Dans un même ordre d’idée, l’analyse de structure de petit-monde est utilisée afin de mesurer la connectivité des nœuds dans un réseau. Le phénomène de «six degrés de liberté » séparant un ensemble a d’abord été popularisé par Milgram (1967). Le concept, émis et vérifié par Korte et Milgram (1970), voulant que deux individus sélectionnés au hasard soient connectés par une série d’individus est maintenant accepté comme l’effet de petit monde (small-world effect). Une structure de petit monde est représentée par la présence de connexion dense entre certains nœuds

voisins (cliques) entrecoupés par certains liens entre un nombre réduit de nœuds connectant avec des cliques plus lointaines (White 1970). Watts et Strogatz (1998) ont quant à eux proposé un modèle d’analyse de réseau mettant en relation le coefficient de clique et la distance moyenne des chemins séparant deux nœuds. Un réseau est alors comparé à un réseau aléatoire composé du même nombre de nœuds et de liens afin d’observer la structure des liens du réseau étudié. En d’autres mots, la formation de clique est similaire à un réseau régulier très connecté et une distance moyenne similaire à un réseau aléatoire. La Figure 2-6 présente trois types de réseaux afin de dépeindre la structure de petit monde se trouvant entre un réseau à forte densité de connexion et un réseau aléatoire.

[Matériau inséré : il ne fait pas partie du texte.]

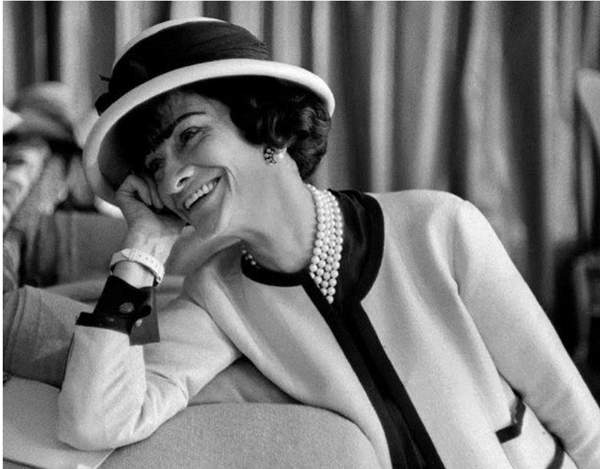
Photographie de Coco Chanel par Douglas Kirkland

Travail, âpreté, rigueur, extravagance, indépendance.

Figure 2-6: Structures de réseaux (Watts et Strogatz, 19998)

Le modèle fut depuis appliqué à plusieurs secteurs d’activité, notamment l’évolution d’internet (Yook et al. 2002; Albert et al. 1999). Newman (2001a, b, c) a étudié les co-publications dans diverses disciplines et a observé une structure de petit monde pour chacune d’entre elles et a conclu que cette structure influençait positivement les transferts de connaissances au sein des secteurs d’activité. Fleming, Kling et Juba (2007) en sont venus à la même observation dans l’étude des brevets. Ces caractéristiques voulant que le réseau présente une forte proximité aux nœuds voisins tout en ayant également une forte connexion globale avec les nœuds éloignés maximiseraient ainsi l’efficacité du flux d’information (Marchiori et Latora, 2000; Watts et Strogatz, 1998). Ceci rejoint les concepts discutés plus tôt voulant qu’un réseau de voisins confère des bénéfices (réseau de cohésion) tout comme l’accès à des nœuds plus éloignés pour l’accès à d’autres types d’information et une meilleure diffusion. Un acteur pouvant ainsi être bien connecté avec ses voisins tout en ayant des liens avec des nœuds éloignés et d’autres cliques maximiserait sa performance. Cet indicateur est donc intéressant afin d’analyser la structure des

réseaux en spatial et valider si une structure de petit monde est présente afin de maximiser les bénéfices qu’une telle structure puisse apporter.